# [EXERCISE PROMPT]
Word for word, reproduce each line of the data below, omitting every image.

# [AVAILABLE DATA]
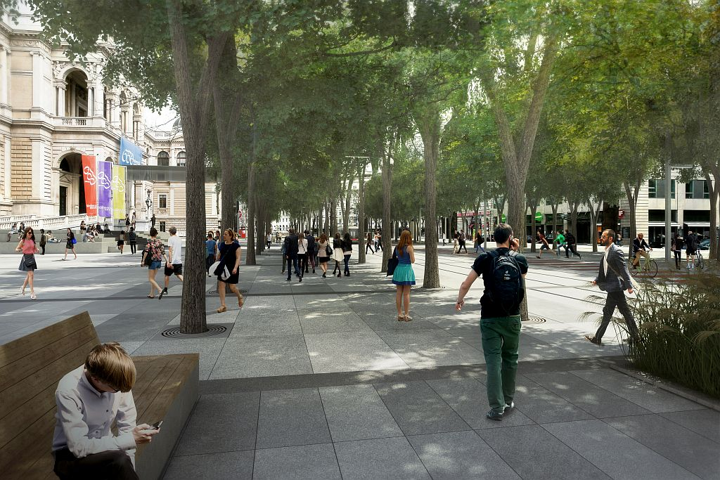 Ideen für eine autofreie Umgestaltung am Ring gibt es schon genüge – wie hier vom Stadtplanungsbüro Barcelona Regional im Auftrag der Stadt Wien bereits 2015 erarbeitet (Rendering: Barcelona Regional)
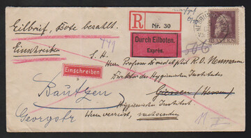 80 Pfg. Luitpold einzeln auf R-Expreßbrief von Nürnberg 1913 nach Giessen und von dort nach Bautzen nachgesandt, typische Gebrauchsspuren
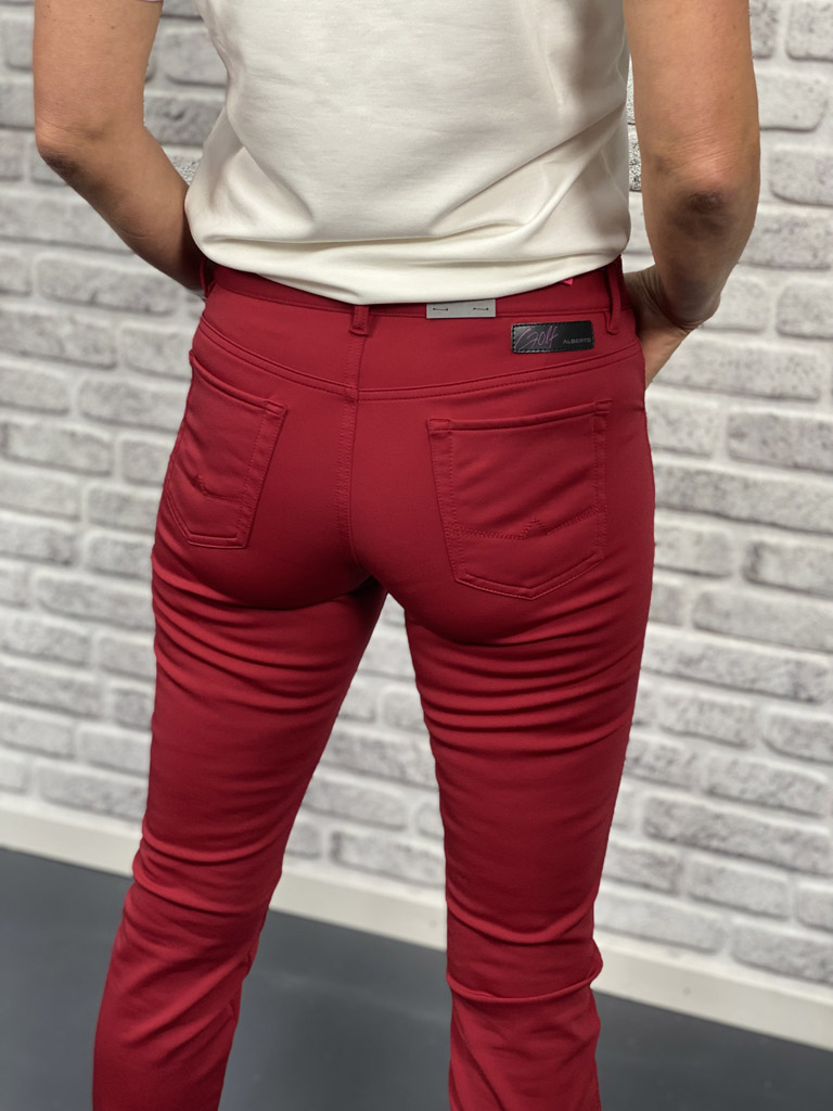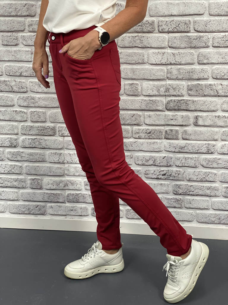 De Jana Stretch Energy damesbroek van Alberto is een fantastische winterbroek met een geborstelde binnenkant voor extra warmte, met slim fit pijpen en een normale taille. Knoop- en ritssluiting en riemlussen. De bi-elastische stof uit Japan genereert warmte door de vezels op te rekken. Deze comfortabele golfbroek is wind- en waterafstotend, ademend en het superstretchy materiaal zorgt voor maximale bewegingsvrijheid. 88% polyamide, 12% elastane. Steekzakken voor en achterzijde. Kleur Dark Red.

# [REPLY]
 Ideen für eine autofreie Umgestaltung am Ring gibt es schon genüge – wie hier vom Stadtplanungsbüro Barcelona Regional im Auftrag der Stadt Wien bereits 2015 erarbeitet (Rendering: Barcelona Regional)
 80 Pfg. Luitpold einzeln auf R-Expreßbrief von Nürnberg 1913 nach Giessen und von dort nach Bautzen nachgesandt, typische Gebrauchsspuren
 De Jana Stretch Energy damesbroek van Alberto is een fantastische winterbroek met een geborstelde binnenkant voor extra warmte, met slim fit pijpen en een normale taille. Knoop- en ritssluiting en riemlussen. De bi-elastische stof uit Japan genereert warmte door de vezels op te rekken. Deze comfortabele golfbroek is wind- en waterafstotend, ademend en het superstretchy materiaal zorgt voor maximale bewegingsvrijheid. 88% polyamide, 12% elastane. Steekzakken voor en achterzijde. Kleur Dark Red.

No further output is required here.